Papers Explained 61: Humpback

Published in

DAIR.AI

3 min readOct 13, 2023

Instruction back translation is a scalable method to build a high-quality instruction following language model by automatically labeling human written text with corresponding instructions. Finetuning LLaMa on two iterations of this approach yields a model that outperforms all other LLaMa-based models on the Alpaca leaderboard, demonstrating highly effective self-alignment.

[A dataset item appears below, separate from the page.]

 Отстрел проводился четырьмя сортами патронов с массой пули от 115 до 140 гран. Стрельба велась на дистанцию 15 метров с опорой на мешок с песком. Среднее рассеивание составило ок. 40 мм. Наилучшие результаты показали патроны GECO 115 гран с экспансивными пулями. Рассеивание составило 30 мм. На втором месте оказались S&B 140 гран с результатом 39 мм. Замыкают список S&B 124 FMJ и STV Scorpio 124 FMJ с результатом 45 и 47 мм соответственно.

Instruction Back Translation

Self-Augmentation (generating instructions):

Starting from a base language model, a small number of seed examples of (instruction, output) pairs, and a collection of unlabelled documents that are considered candidate outputs for unknown instructions, the base model is finetuned with (output, instruction) pairs from the seed examples as an instruction prediction model Myx, which is used to generate candidate instructions for outputs from the unlabelled data.

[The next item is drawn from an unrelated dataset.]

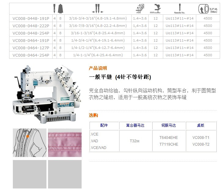 VC008-0448-191P,VC008-0448-222P,VC008-0448-254P,VC008-0464-191P,VC008-0464-127P,VC008-0464-254P 一般平縫 (4針不等針距)

Self-Curation (selecting high-quality examples):

Starting from an intermediate instruction-following model M0 fine-tuned from seed examples only, it selects high-quality (instruction, output) pairs A(1)k from the candidates from the previous step. This is done using prompting, instructing the trained model to rate the quality of a candidate pair on a 5-point scale. These are then used as fine-tuning data for the next intermediate model M1, which is in turn used to select training data for obtaining M2.